Only one stretch of the material below is wanted: everything from the line containing "с Perfume Genie." down to the line containing "Lounge 11'9 x", both ends included. Repeat it exactly and skip the pictures.

▶ [INPUT FOR THIS TASK]:
* * *

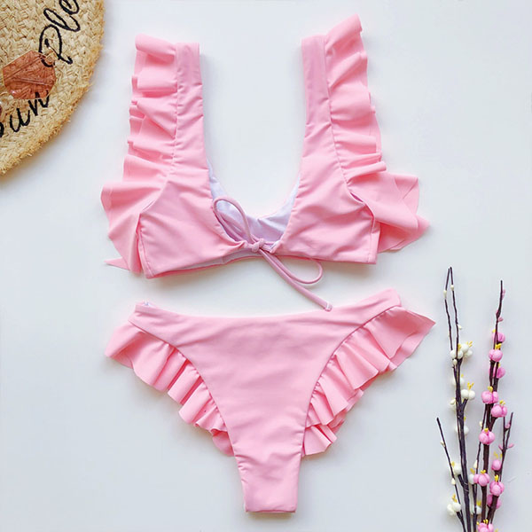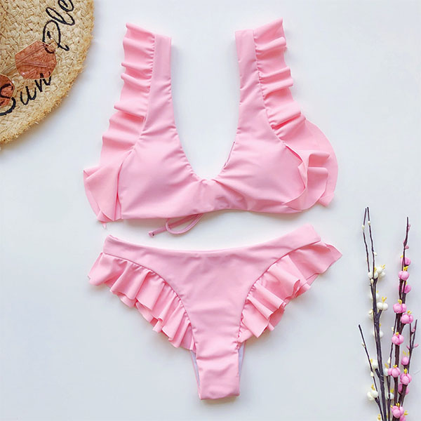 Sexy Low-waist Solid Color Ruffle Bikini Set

* * *

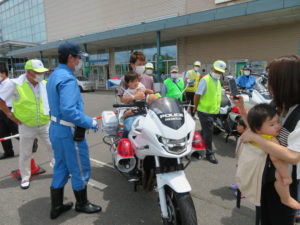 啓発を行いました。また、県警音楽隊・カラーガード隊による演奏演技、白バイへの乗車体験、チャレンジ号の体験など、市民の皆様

* * *

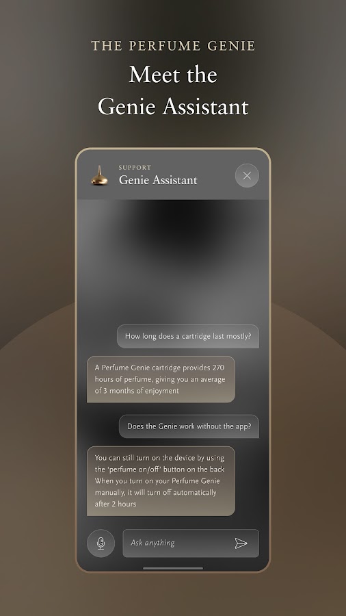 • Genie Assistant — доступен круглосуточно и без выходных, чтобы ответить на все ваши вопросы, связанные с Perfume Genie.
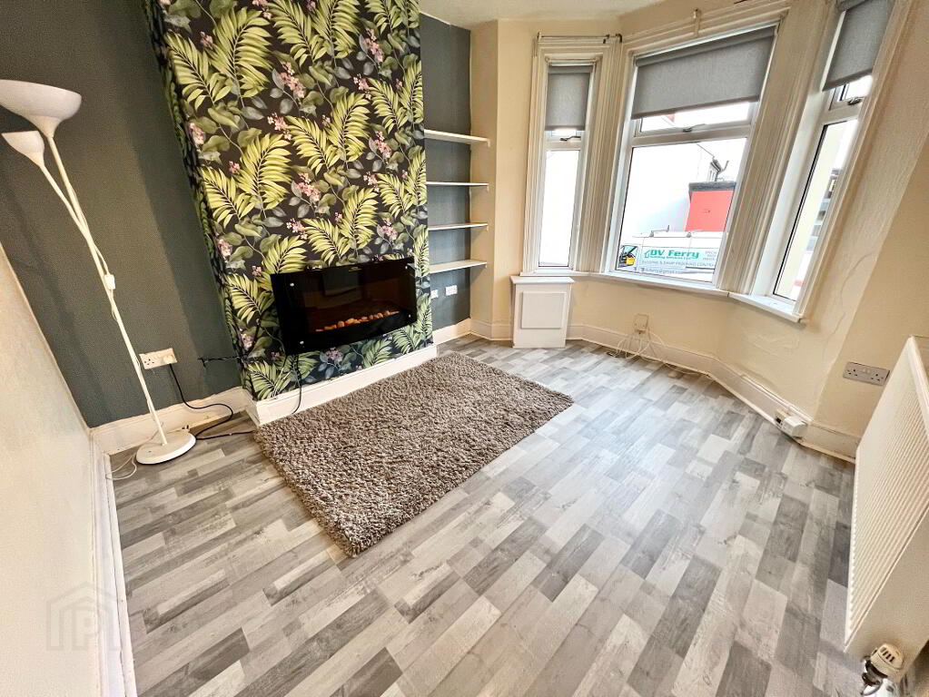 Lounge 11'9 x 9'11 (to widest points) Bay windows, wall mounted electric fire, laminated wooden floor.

* * *

▶ [COMPLETED TASK]:
 • Genie Assistant — доступен круглосуточно и без выходных, чтобы ответить на все ваши вопросы, связанные с Perfume Genie.
 Lounge 11'9 x 9'11 (to widest points) Bay windows, wall mounted electric fire, laminated wooden floor.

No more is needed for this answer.